3.2.2. Neutral Community Model Analysis of the Sedimentary Eukaryotic Microbial Community

The neutral community model applied to sedimentary eukaryotic microorganisms in the water diversion rivers (Figure 4) indicates that both stochastic and deterministic processes jointly influenced community assembly during non-flood and flood seasons. The model showed a relatively high explanatory power (R2 = 0.5138 for non-flood season and R2 = 0.5834 for flood season) and a low migration rate (m) for eukaryotic assemblages in both periods, suggesting that neutral processes (stochastic process) serve as important drivers in structuring eukaryotic microbial communities. The estimated metacommunity size times migration rate (N·m = 3411) was higher during the flood season than during the non-flood season (N·m = 3300), reflecting a greater degree of species dispersal under flood conditions. Although species distribution patterns were similar between seasons, the neutral model explained a larger proportion of the variation in microbial species distribution during the flood season (R2 = 0.5834), indicating stronger stochastic process influences on community assembly.
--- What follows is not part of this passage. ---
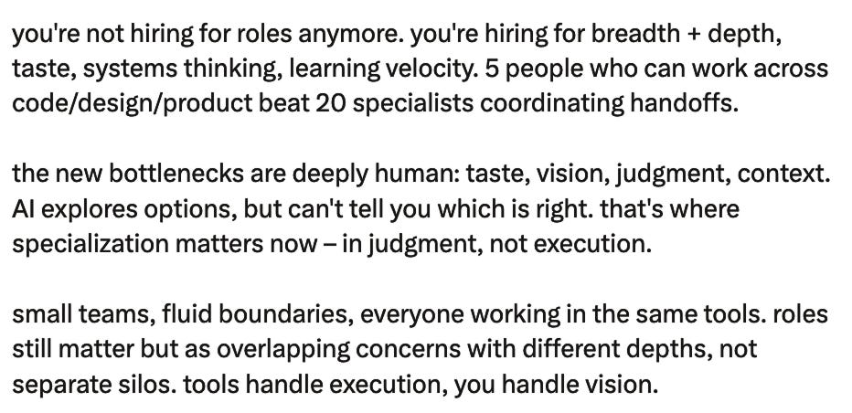Instead, these companies want T-shaped builders — people with deep expertise in one area and enough breadth to contribute to many others. Ryo (Head of Design at Cursor) put it best: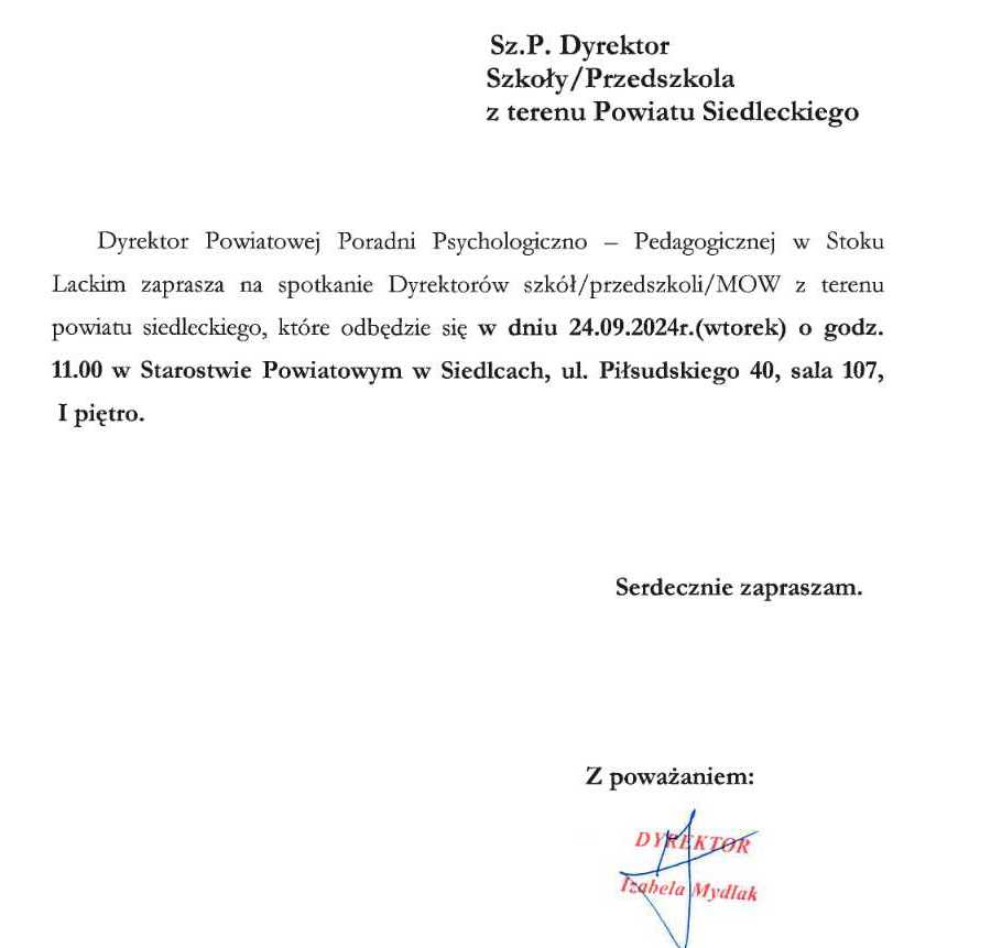 24 września 2024 r. w Starostwie Powiatowym w Siedlcach odbyło się coroczne spotkanie przedstawicieli Powiatowej Poradni Psychologiczno – Pedagogicznej w Stoku Lackim z dyrektorami szkół, przedszkoli, placówek oświatowych, opiekuńczo – wychowawczych z terenu powiatu siedleckiego. W spotkaniu wzięła udział Wicestarosta Siedlecki – Pani Małgorzata Cepek; Przewodniczący Komisji Oświaty, Kultury, Sportu, Zdrowia i Pomocy Społecznej – Pan Mirosław Bieniek; Kierownik Referatu ds. Oświaty i Zdrowia – Pan Tomasz Płatkowski. Natomiast z ramienia Kuratorium uczestniczyła Pani Ewa Dombrowska – starszy wizytator.

This may be attributed to enhanced random dispersal resulting from hydrological changes induced by water diversion [37]. Concurrently, environmental disturbances during the flood season may also strengthen deterministic processes by favoring taxa with adaptive traits. These findings are consistent with the co-occurrence network results, which exhibited elevated modularity and intensified competitive interactions during the flood season, collectively demonstrating the multi-scale regulatory effects of hydrological variation on microbial community assembly [38,39].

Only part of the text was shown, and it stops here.